Differently from the aforementioned AWS services, Amazon Kendra is a search engine that provides built-in connections to third-party data sources, allowing you to effortlessly retrieve information from your documents with no need for complex vector similarity queries.

Vector Databases on AWS: Features

Choosing the right vector database hinges on your specific requirements. Consider factors like:

Data volume and complexity: How much data do you have, and how intricate are the relationships between documents?
Query performance: How quickly do you need results returned?
Scalability: Can the database handle growing data volumes and query loads?
Cost: Evaluate the pricing models of each service to find the most cost-effective solution. AWS provides detailed documentation and pricing information for each service, empowering you to make an informed decision.

As described in the previous section, each AWS service presented has its own characteristics.

When choosing for a specific vector database / search engine, other factors that must be taken into account are:

Seamless integration with third-party data repositories:
Amazon Kendra leverages built-in connectors to a wide variety of data repositories, seamlessly integrating data within its searchable indexes.
Amazon Neptune Analytics offers direct connections to S3 Buckets and Amazon Neptune endpoints.
Integrated connectors streamline the ingestion pipeline (i.e., loading documents into the database), minimizing development effort and ensuring ongoing synchronization of fresh content within the vector database.
Effortless embedding management:
Amazon Kendra effortlessly manages the vector embedding creation and management, so you don’t have to deal with low-level complexities.
On the counterpart, while Amazon Kendra handles embedding creation internally, the other services empower you to (1.) tailor the embedding process to your specific needs and (2.) evaluate different LLMs to identify the optimal fit for your application.

Large Language Models on AWS: Amazon Bedrock

Harness the power of large language models (LLMs) seamlessly with Amazon Bedrock.
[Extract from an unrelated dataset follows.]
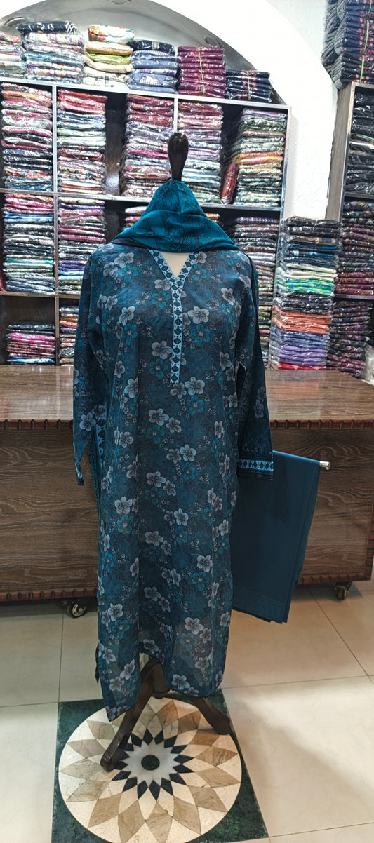 Safina premium lawn stiched shalwar kameez 3pc wtblu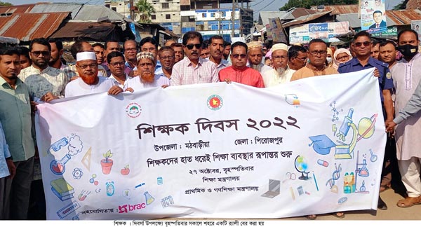 শিক্ষকদের হাত ধরেই শিক্ষা ব্যবস্থার রূপান্তর শুরু’’ এ প্রতিপাদ্যকে সামনে রেখে পিরোজপুরের মঠবাড়িয়ায় শিক্ষক দিবস পালিত হয়েছে। দিবসটি উপলক্ষ্যে বৃহস্পতিবার (২৭ অক্টোবর) সকালে পৌর শহরে একটি র্যালী বের করা হয়। র্যালীটি শহরের বিভিন্ন গুরুপ্তপূর্ণ সড়ক প্রদক্ষিণ শেষে কেন্দ্রীয় শহীদ মিনার চত্বরে আলোচনা সভায় মিলিত হয়।আলোচনা সভায় মঠবাড়িয়া সরকারী কলেজের অধ্যক্ষ গোলাম মোস্তফার সভাপতিত্বে বক্তব্য রাখেন উপজেলা নির্বাহী অফিসার ঊর্মি ভৌমিক, উপজেলা মাধ্যমিক শিক্ষা কর্মকর্তা মোঃ অলী আহাদ, মিরুখালী স্কুল এন্ড কলেজের অধ্যক্ষ আলমগীর হোসেন খান, টিকিকাটা নূরীয়া ফাজিল মাদ্রাসার অধ্যক্ষ মাওলানা আবু জাফর, বেতমোর আশ্রাফুল উলুম ফাজিল মাদ্রাসার উপাধ্যক্ষ মাওলানা শাহজালাল, উপজেলা শিক্ষক কর্মচারী কো-অপারেটিভ ইউনিয়ন লিঃ এর সভাপতি মোঃ নাসির উদ্দিন, সরকারি হাতেম আলী বালিকা মাধ্যমিক বিদ্যালয়ের প্রধান শিক্ষক মোঃ রুহুল আমিন, সাপলেজা মডেল মাধ্যমিক বিদ্যালয়ের প্রধান শিক্ষক আব্দুর রাশেদ, রাজারহাট শহীদ বাচ্চু মাধ্যমিক বিদ্যালয়ের প্রধান শিক্ষক মোঃ জহির খান, ডাঃ রুস্তম আলী ফরাজী কলেজের প্রভাষক মোঃ মোতালেব হোসেন, মাহবুবুর রহমান রামিম ও প্রাথমিক বিদ্যালয়ের প্রধান শিক্ষক সুমন্ত্র হালদার সুমন প্রমুখ।

This service simplifies LLMs integration, enabling you to leverage pre-trained models like Jurassic-1 Jumbo or Megatron-Turing NLG for various tasks, including:

Text generation: Craft compelling product descriptions, marketing copy, or even creative content.
Question answering: Empower your applications with the ability to answer user queries in an informative and comprehensive manner.
Code generation: Generate code snippets based on natural language descriptions, accelerating development processes.

Bedrock offers flexible deployment options, allowing you to choose between managed and self-managed instances, and provides transparent pricing based on usage.

Takeaways

RAG Framework: Seamlessly incorporate your domain expertise into existing language models without extensive training.
Skip building models from scratch and accelerate time-to-market.
Leverage a variety of AWS services, such as vector databases and Amazon Bedrock, to tailor your RAG solution.
Select the tools best suited to your data, performance, and cost requirements.

Appendix

Word embeddings are vector representations of words within a N-dimensional vector space.

Consider the following 2-dimensional vector space example:

Semantically different words are represented far from each other.
Semantically similar words, instead, are vectors close to each other.

When searching for information within a vector database, the query is projected within the same vector space of the word embeddings.

For instance, consider the query “synonyms of happy”:

Similarity measures are meant to retrieve the closest embedding found, with respect to the input query.

In this simple example, “happy” is projected close to its most semantically similar words — i.e., the “joyful”, “elated”, “excited” word embeddings cluster.

In the domain of Text Retrieval (TR), the objective is to retrieve, given a user query, a subset of documents from a Data Lake that exhibit the highest degree of semantic similarity or relevance to the query.

Imagine having N documents, each represented as a data point within a 2-Dimensional Euclidean space.

Imagine now to project a query into the same 2-Dimensional Euclidean space (the blue point).

The most simple semantic similarity measure you can think of, indeed, is the 2-Dimensional Euclidean distance between the query and the N documents.